# Best day ever bottom fishing



## Kim (Aug 5, 2008)

Yesterday I fished with Paul, a new customer,his son Wes and two of his friends, Parker and Joe. It was probably the best day of bottom fishing that I'll ever have.

We didn't leave early since it was to be the fishing sea trial with this boat. Paul had never fished off this boat and was hoping that it would do well fishing because his son didn't have much interest in the boat. I didn't want to rush with a boat I've never driven, especially since it was a Tiara Sovren 44, not exactly a fishing boat. I must say that the boat handled well as a fishing platform. We headed SE from Destin trolling a couple of lures behind us as we headed to the first and only spot of the day. No joy on trolling but it gave the boys something to hope for as we motored along.

When we got to the spot I knew it was fishy, especially since it was lit up across the whole bottom of of a 120 screen and halfway to the surface. Paul and the boys dropped down and started reeling in fish and they had a blast. Needless to say we ran out of squid and I had to start chopping cut bait with Porgies but that didn't slow the bite at all. By the time the boys got tired of reeling them in we had a mixed bag of Scamp, Trigger Fish, Mingos, Cobia and Porgies. I took the last Porgy to come in and put it on a hook on a spinning rod and tossed it back out there and was rewarded with a massive strike. It came in fairly easy until it saw the boat and decided that it was time to leave and started making that drag scream. We did that for about 15 minutes until the fish decided that it was done with this and it powered out of there breaking 50 lb power pro like it was thread. 

It was time to leave and we headed back towards the East Pass dragging a couple lures behind us. We were about 7 miles offshore and about 7 miles from the pass when the port rod bowed over. One of the boys belted up and got on that rod and started cranking and I could see it was a big Bonita. Shortly after that the starboard rod bowed over and Wes belted up for that one. What ever it was it was healthy sized so I went to help clear the deck and with the fish. By the time I got the Bonita into the cooler, Wes had forgot to keep thumbing the line and had the mono topshot rolled tight against the top of the reel. The fish found a little slack and put on a show about 20 yds from the boat just sawing back and forth off to the side of the boat. I never saw a bill but the dorsal fin of a swordfish is pretty distinctive and I almost had a heart attack. Unfortunately the fish threw the lure but I'm hoping that in one of the two pics that Paul took that shows the thrashing in the back ground shows the fin, bill or both.

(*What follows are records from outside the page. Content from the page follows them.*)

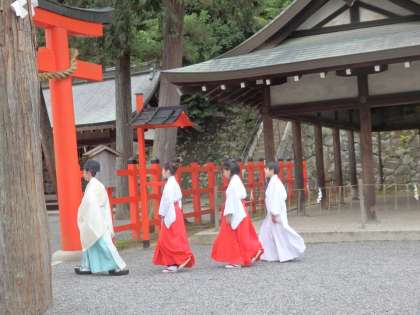 吉田神社でのチャレンジ体験のようすです。今日は毎月1日に行われる月祭事に参列しました。前日にはお供え物の準備や着付けの練習を行い今日を迎えています。張り詰めた空気の中、緊張の面持ちでしたが、貴重な体験をさせて頂いていました。
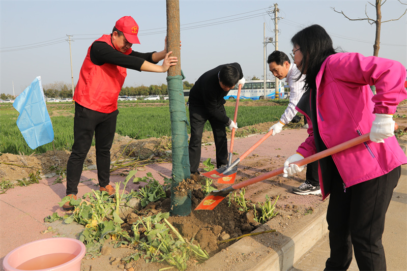 在經濟開發(fā)區(qū)宋玉七路,干部群眾紛紛拿起鐵鍬加入到植樹隊伍行列,揮鍬鏟土、栽植新綠。她們扶樹填土、踩實修整、提桶澆水……每道工序緊密銜接、配合默契,現(xiàn)場一派熱火朝天場面。經過一番緊張有序的勞動,一株株新栽種的香樟樹錯落有致、迎風挺立。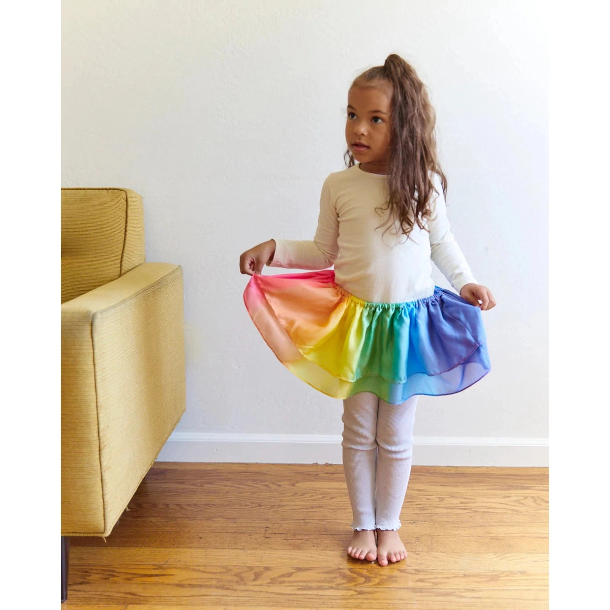 Silk Tutus are comfortable, versatile, and made for dancing, playing, and movement of all kinds! Little ones are able to easily slip them on and off all by themselves and wear them over their favorite outfits for added fun throughout the day!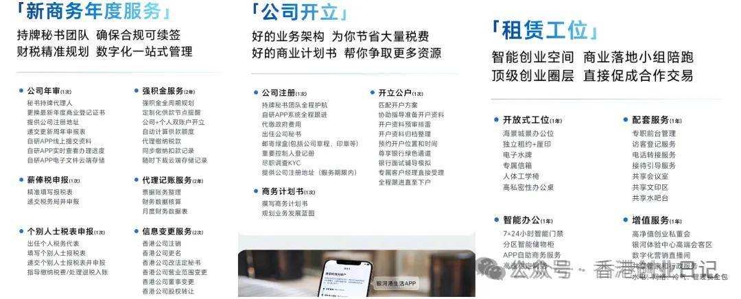 银河集团还提供香港创业一站式服务,商业落地小组全程陪跑(内地+香港+境外业务运转路径),想去香港创业的人士选择银河服务后,可专注于业务拓展,避开繁杂的行政、商务、财税等问题。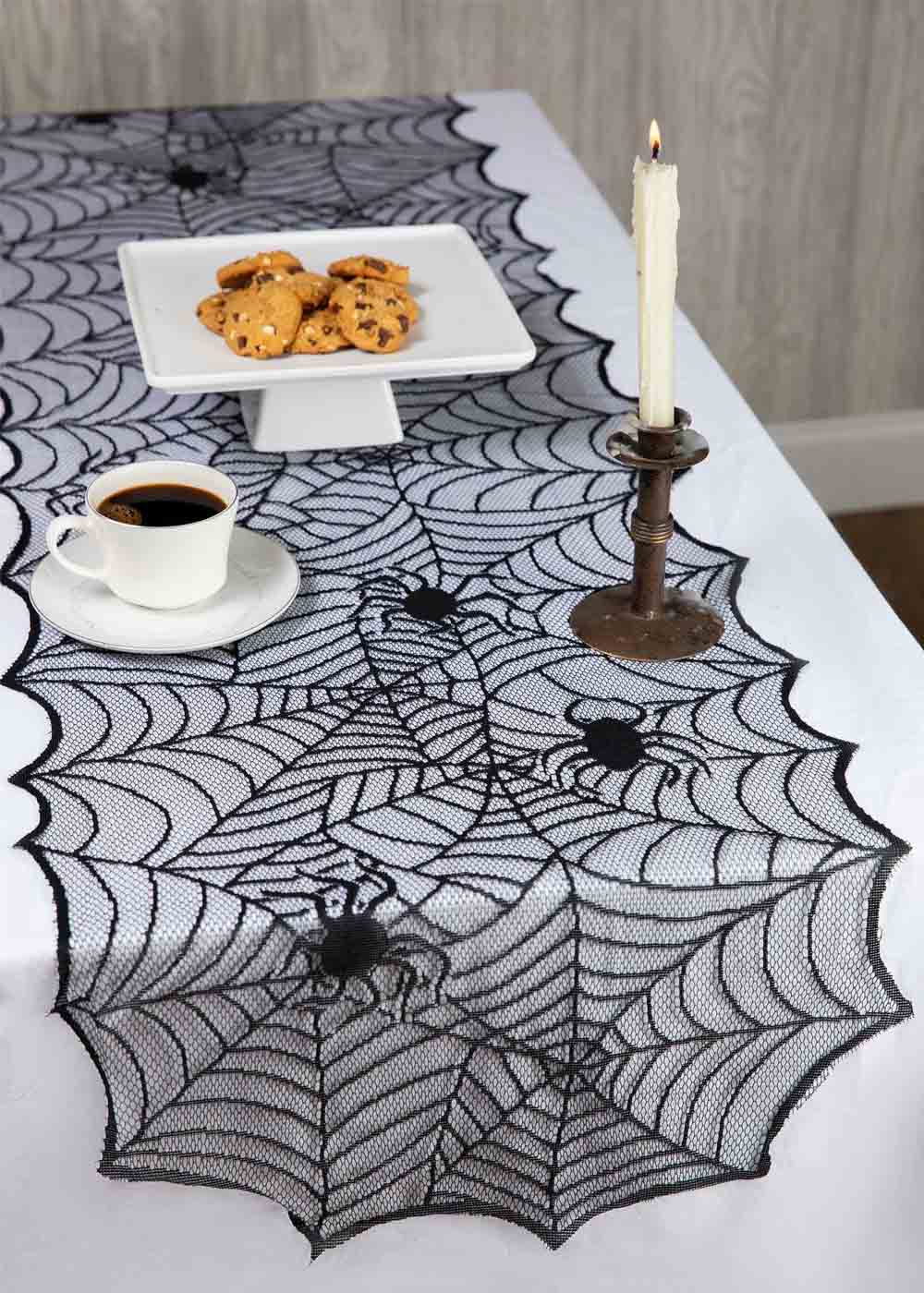 Дорожка для стола Черная паутина станет изысканным дополнением вашего праздничного декора. Длина дорожки составляет 183 см, ширина — 46 см. Дорожка украшена вязаным узором в виде паутины и ползающих пауков, что добавляет загадочной атмосферы. Дорожка отлично подойдет для украшения стола на Хэллоуин или любые другие тематические вечеринки, создавая незабываемое впечатление у ваших гостей.

I have never had a day of bottom fishing like that before with probable broadbill icing on the way back that close to the pass. I didn't take any pics but Paul did so when he sends them to me I'll post them.


----------



## sniperpeeps (Mar 5, 2011)

What did the sail hit?


----------



## Kim (Aug 5, 2008)

It wasn't a Sailfish, I'm pretty sure it was a Swordfish. The Lure it hit was an Island Express flasher rigged with a small squid daisy chain in front of it.


----------



## sniperpeeps (Mar 5, 2011)

Oh, interesting


----------



## le4eva (Nov 20, 2008)

Pics?


----------



## bigcat1967 (Mar 19, 2011)

yeah Kim - nice - just wondering if you have some pics?


----------



## MrFish (Aug 21, 2009)

Is your new avatar one of the pics??


----------



## Kim (Aug 5, 2008)

I'm still waiting on the pics, as soon as Paul sends them to me I'll post them.


----------



## Kim (Aug 5, 2008)

No the new Avatar is a Blue Marlin.


----------



## Kim (Aug 5, 2008)

This is the only pic that shows anything, unfortunately it's like one of the Loch Ness Monster pics with poor detail. I've blown this one up 400 times and all you can see is something dark and blurry sticking up out of the water.


----------



## Matt09 (Jun 6, 2008)

Swordfish.... trolling in the daytime... 7 miles offshore? Hmmm.


----------



## Kim (Aug 5, 2008)

No, it was trolling for Kings and Bonito seven miles offshore. I sure looked like a Swordfish dorsal fin to me. Maybe someone on here can clean up the pic and make something with more detail out of it.


----------



## TURTLE (May 22, 2008)

*What hit your flatline that took off when it saw the boat or did you not get a chance to see it? 50# PP is hard to break.*


----------



## Kim (Aug 5, 2008)

Never saw what hit the free swimming bait.


----------